HotData provides a service that can deliver prospect intelligence directly to your database or Web form while the potential client is within your reach. Taking a business address from your Web form, HotData can return information such as industry classification and company size. Or it can immediately profile a consumer based on postal carrier route-level data on everything from average home value to the percentage of outdoors enthusiasts. This information is returned to your Web site or database almost immediately, allowing you to craft or alter the rest of your interaction with the customer based on the characteristics you wish to exploit--such as pushing a customer from a ritzy area toward a more luxury-minded product.

Reciprocity
Bartlett also believes that the qualification process should be "reciprocal"--a thing for a thing, so to speak. If you want to ask about what types of projects the customer is working on, offer a paper or brochure that addresses your solutions for that particular type of project in return. If you want to ask about budget range, offer your price list and finance terms in exchange.

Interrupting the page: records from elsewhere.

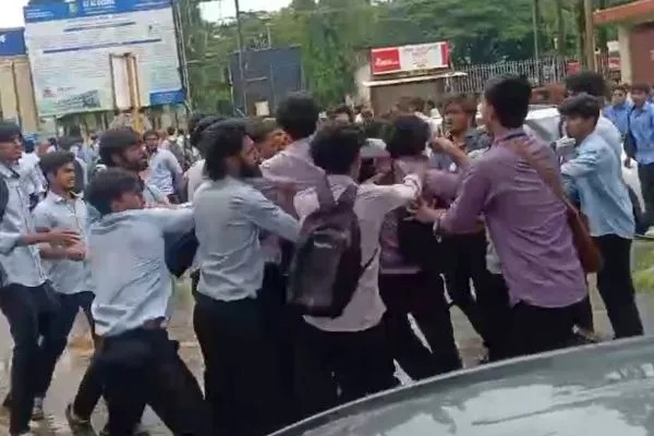 ಮಂಗಳೂರು: ವಿದ್ಯಾರ್ಥಿಗಳ ಗುಂಪೊಂದು ನಡುರಸ್ತೆಯಲ್ಲಿಯೇ ಪರಸ್ಪರ ಹೊಡೆದಾಡಿಕೊಂಡ ಘಟನೆ ಮಂಗಳೂರಿನ ಪ್ರತಿಷ್ಠಿತ ಅಲೋಶಿಯಸ್ ಕಾಲೇಜು ಬಳಿ ನಡೆದಿದೆ. ಕಾಲೇಜು ಗೇಟ್ ಮುಂಭಾಗದ ರಸ್ತೆಯಲ್ಲಿ ಎರಡು ಪ್ರತ್ಯೇಕ ಬಣ್ಣದ ಯುನಿಫಾರಂ ಧರಿಸಿರುವ ವಿದ್ಯಾರ್ಥಿಗಳ ಗುಂಪಿನ ನಡುವೆ ಹೊಡೆದಾಟ ನಡೆದಿದೆ. ಕಾಲೇಜು ಬಿಟ್ಟ ಬಳಿಕ ಕ್ಷುಲ್ಲಕ ಕಾರಣಕ್ಕಾಗಿ ವಿದ್ಯಾರ್ಥಿಗಳ ಗುಂಪಿನ ನಡುವೆ ಹೊಡೆದಾಟ ನಡೆದಿದೆ ಎನ್ನಲಾಗಿದೆ. ಆದರೆ ವಿದ್ಯಾರ್ಥಿಗಳ ನಡುವೆ ಹಿಗ್ಗಾಮುಗ್ಗಾವಾಗಿ ಹಲ್ಲೆ ನಡೆಸುತ್ತಿರುವುದು ವೀಡಿಯೋದಲ್ಲಿ ದಾಖಲಾಗಿದೆ. ಸದ್ಯ ಹೊಡೆದಾಟದ ವಿಡಿಯೋ ಸಾಮಾಜಿಕ ತಾಣಗಳಲ್ಲಿ ವೈರಲ್ ಆಗುತ್ತಿದೆ.
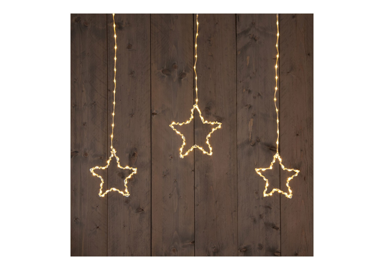 Ajoutez une touche féerique à votre intérieur avec ce rideau lumineux en forme d'étoiles. Composé de 186 LED et mesurant 90x80cm, il crée une ambiance chaleureuse avec son transformateur IP44 et son timer.
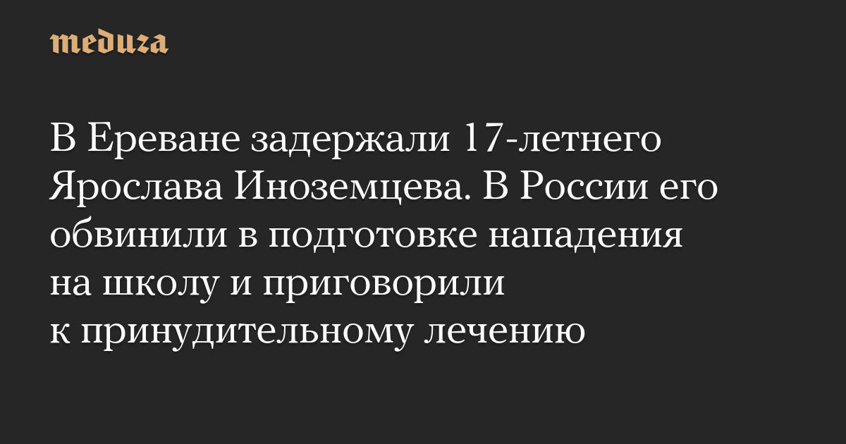 В Ереване по требованию российских властей задержали 17-летнего Ярослава Иноземцева, которого в России признали виновным в подготовке нападения на школу. О задержании подростка телеграм-каналу Sota сообщила его мать, Юлия Иноземцева. Эту информацию она также подтвердила изданию «Кавказ.Реалии».
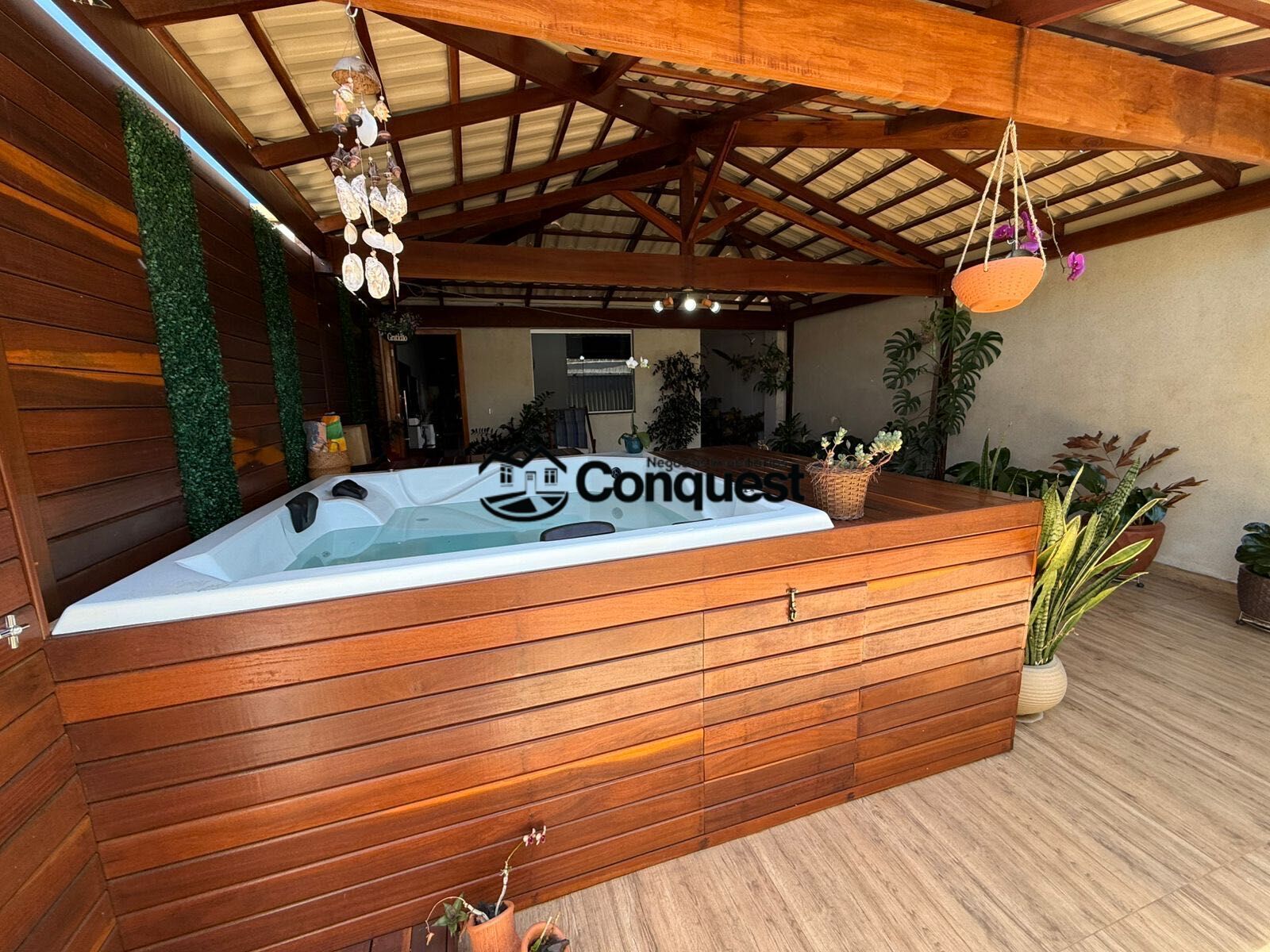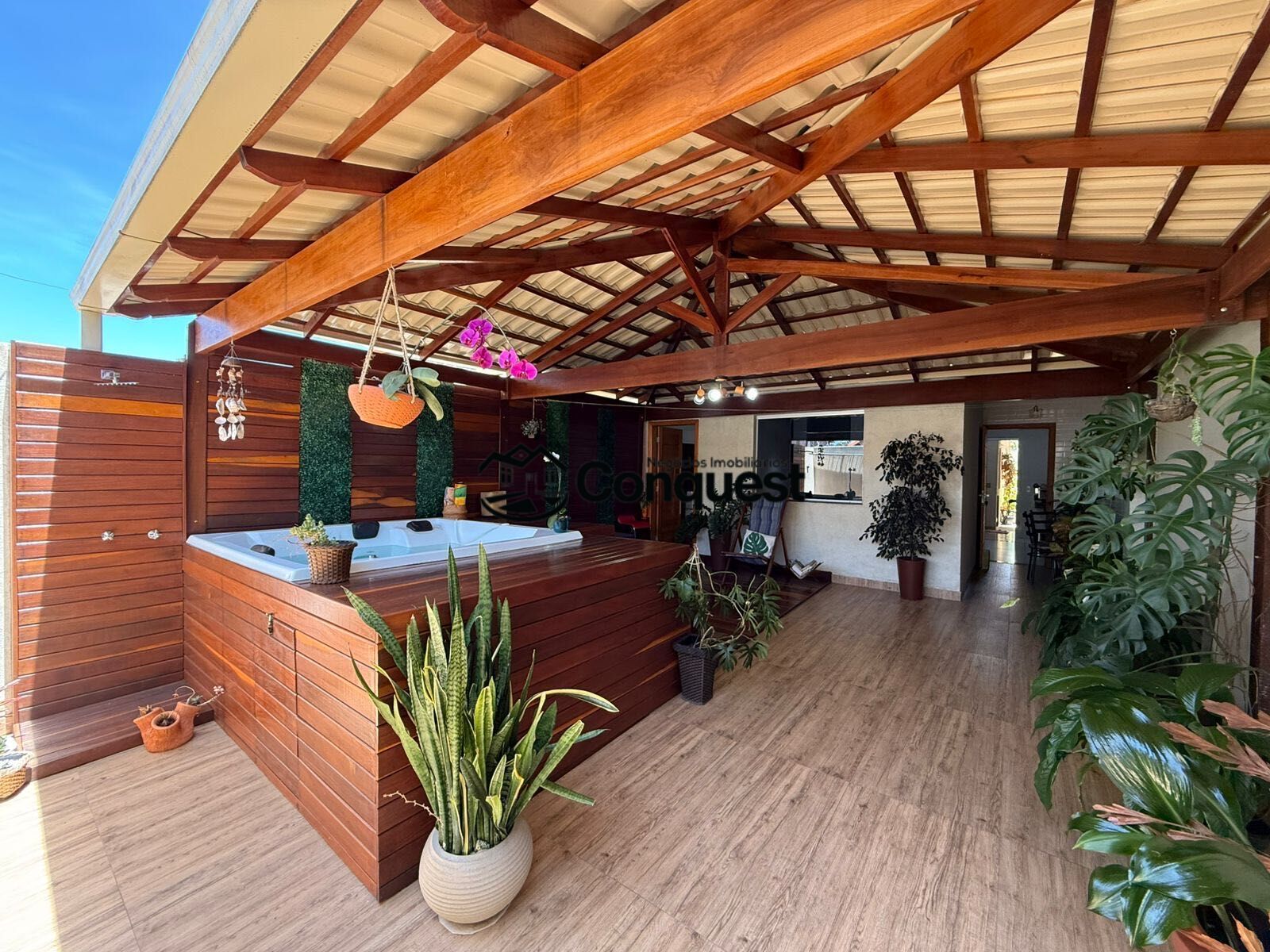 A área é totalmente coberta com telhado colonial, com acabamento em madeira de excelente qualidade, iluminação aconchegante e decoração com plantas naturais.
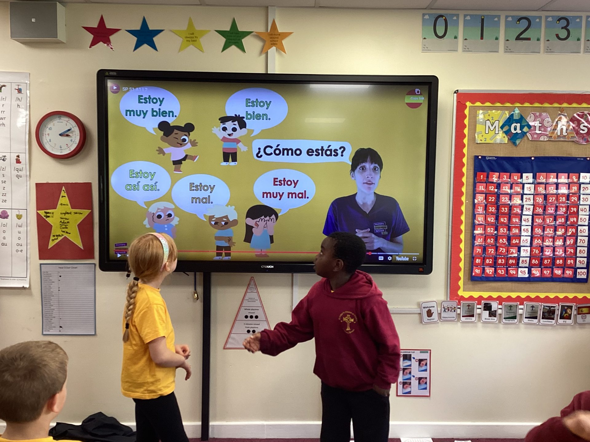 Year 3 were then able to hold a simple conversation with their friends, greeting one another and asking how they are.

And proceed using several small steps: If you ask all of the important questions at once, the prospect knows you hold all the cards. They may make up answers or lie outright if they can't get to your price list or shipping terms without giving you the history of their life. By empowering prospects with information exchange, you eliminate the risk of getting misleading data just so they can get past your gatekeeper form.

With premier lead vendors integrating data from multiple companies, and technology like ProspectMiner offering a way to monitor the latest corporate facts and figures constantly, relying on a single published list is no longer necessary. After all, if the information is there for the taking, it makes sense to be that much better prepared to make the right offers to the right prospects. "If you hand [sales] a D&B list, it's not enriched with the latest information about the company," says Kingstone. "You still have to go online, take a look, prepare yourself … that's just taking away time to sell."

And if the setup fees or unit costs of the online brokers sound intimidating, you can still collect and analyze Web-generated prospect data on a budget. San Diego, Calif.-based V2Commerce offers outsourced Web form data collection and analysis tools starting at $30 per month. You will still need outside help to integrate this data with conventional corporate data sources, but if your own IT limitations are keeping you from asking the important qualifying questions online, there are alternatives.

Future Prospects
Intarka envisions the day when Web-based lead searches will go beyond the sales and marketing departments and right to the CEO's office and the board room. Migaki sees the potential for Intarka's databases to grow into a source for strategic partners, as well as potential merger or buyout targets. "The kind of information we're pulling will help you assess those companies, go after them, recruit them, engage them," he says.

Count on the more traditional online lead delivery managers to continue their campaign to integrate and cross- reference data from a growing number of respected industry data sources. The core data providers are also increasing their efforts to go direct, soliciting customers in some cases to buy uncharacteristically small quantities of data straight from the source.

And despite the controversy, it is not unreasonable to expect that increasingly accurate consumer-level information will be available through a simple street or e-mail address lookup at the online lead source of the near future.

Traditional business intelligence has not gone away, but reams of typewritten lists and neglected fishbowls full of business cards are giving way to instant prospect profiles and lists of thousands of likely candidates available at the click of a mouse. Just maybe, the time has come to leave all those horse-trading list brokers in the dust.